WHAT THIS TASK INVOLVES:
Leave out the pictures, and copy exactly the lines from the line with "8月14日,北京,中国华侨历" through the last line of the data below.

GIVEN INFORMATION:
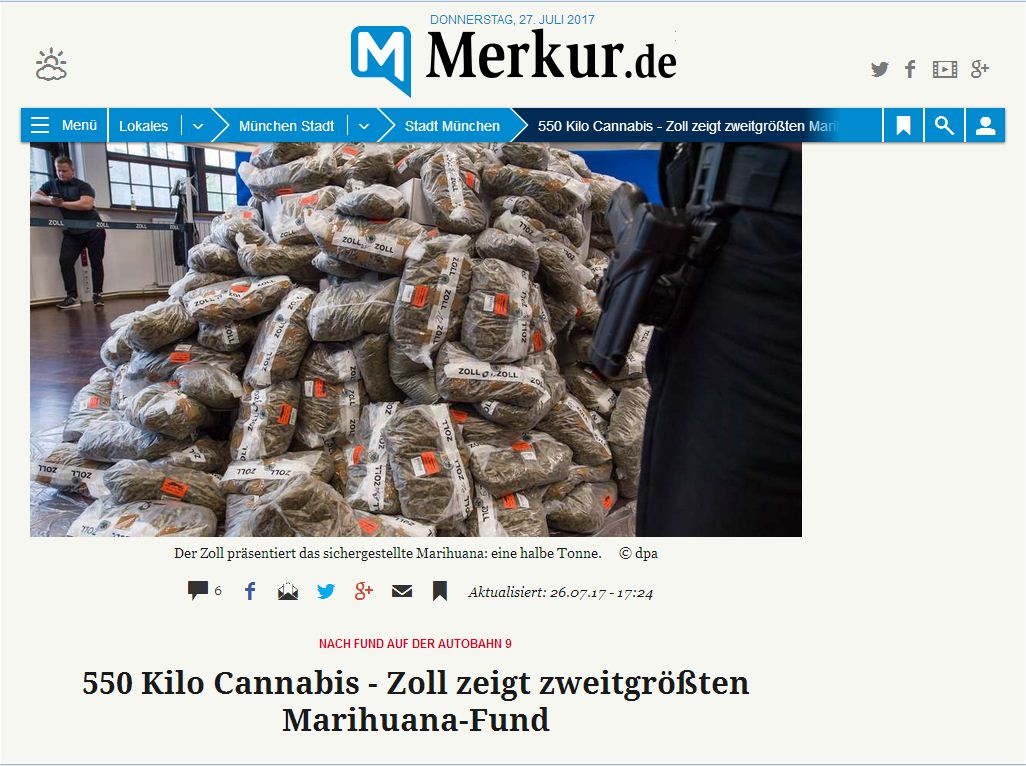 Sipas mediave gjermane kjo sasi është e dytë më të madhe të kapur viteve të fundit në Bavari, pasi në vitin 2013 në Nürnberg u sekuestruan 625 kilogramë drogë.
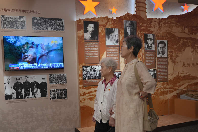 8月14日,北京,中国华侨历史博物馆,越南华侨连贯之女连子(左)同好友王金波观看展览。当日,“万里同心——海外华侨与中国人民抗日战争暨世界反法西斯战争纪念特展”在中国华侨历史博物馆开幕。据了解,该展览在北京、广州、潮州、黑河和德宏等五地同步展出。李媛/摄
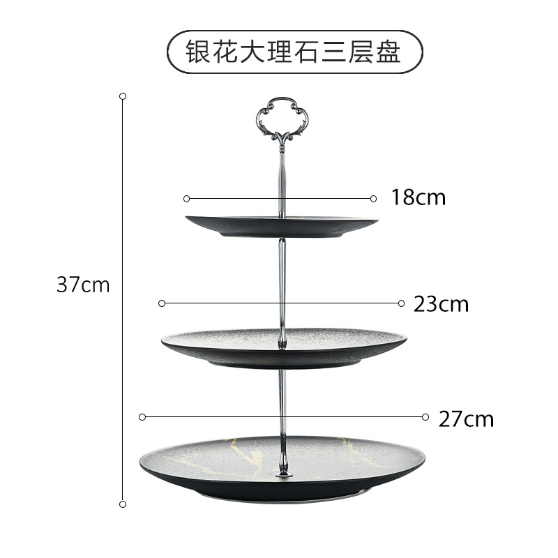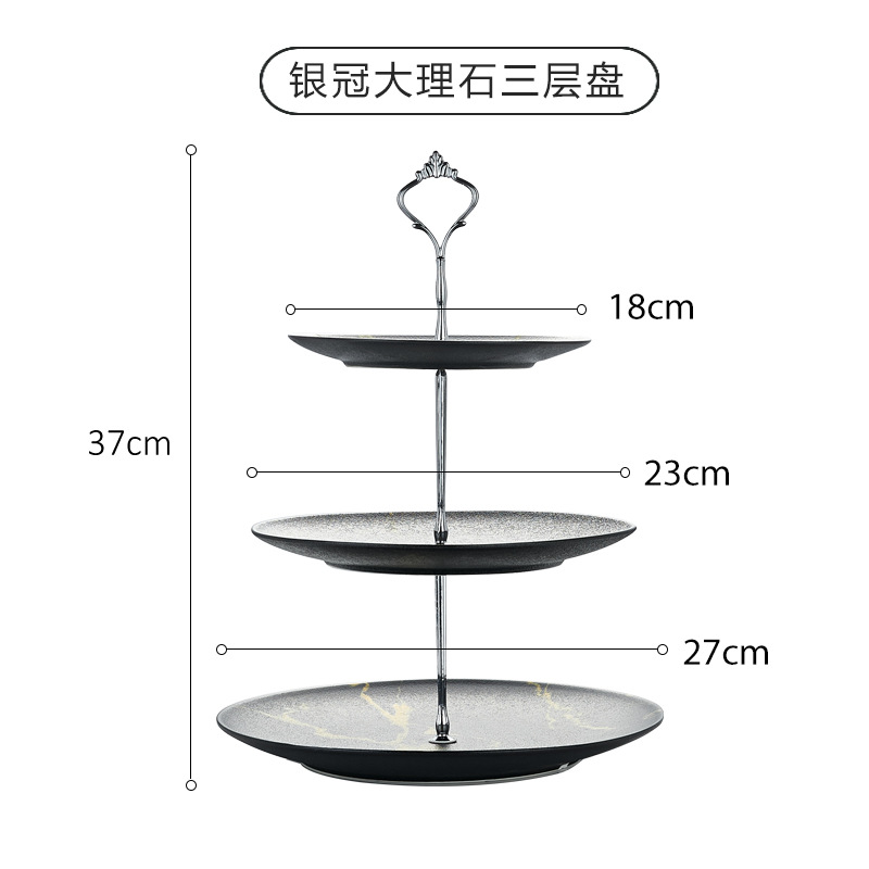 • 크리스탈 카본 마블링 실버 크라운 3 층 플레이트

RESULT BELOW:
 8月14日,北京,中国华侨历史博物馆,越南华侨连贯之女连子(左)同好友王金波观看展览。当日,“万里同心——海外华侨与中国人民抗日战争暨世界反法西斯战争纪念特展”在中国华侨历史博物馆开幕。据了解,该展览在北京、广州、潮州、黑河和德宏等五地同步展出。李媛/摄
 • 크리스탈 카본 마블링 실버 크라운 3 층 플레이트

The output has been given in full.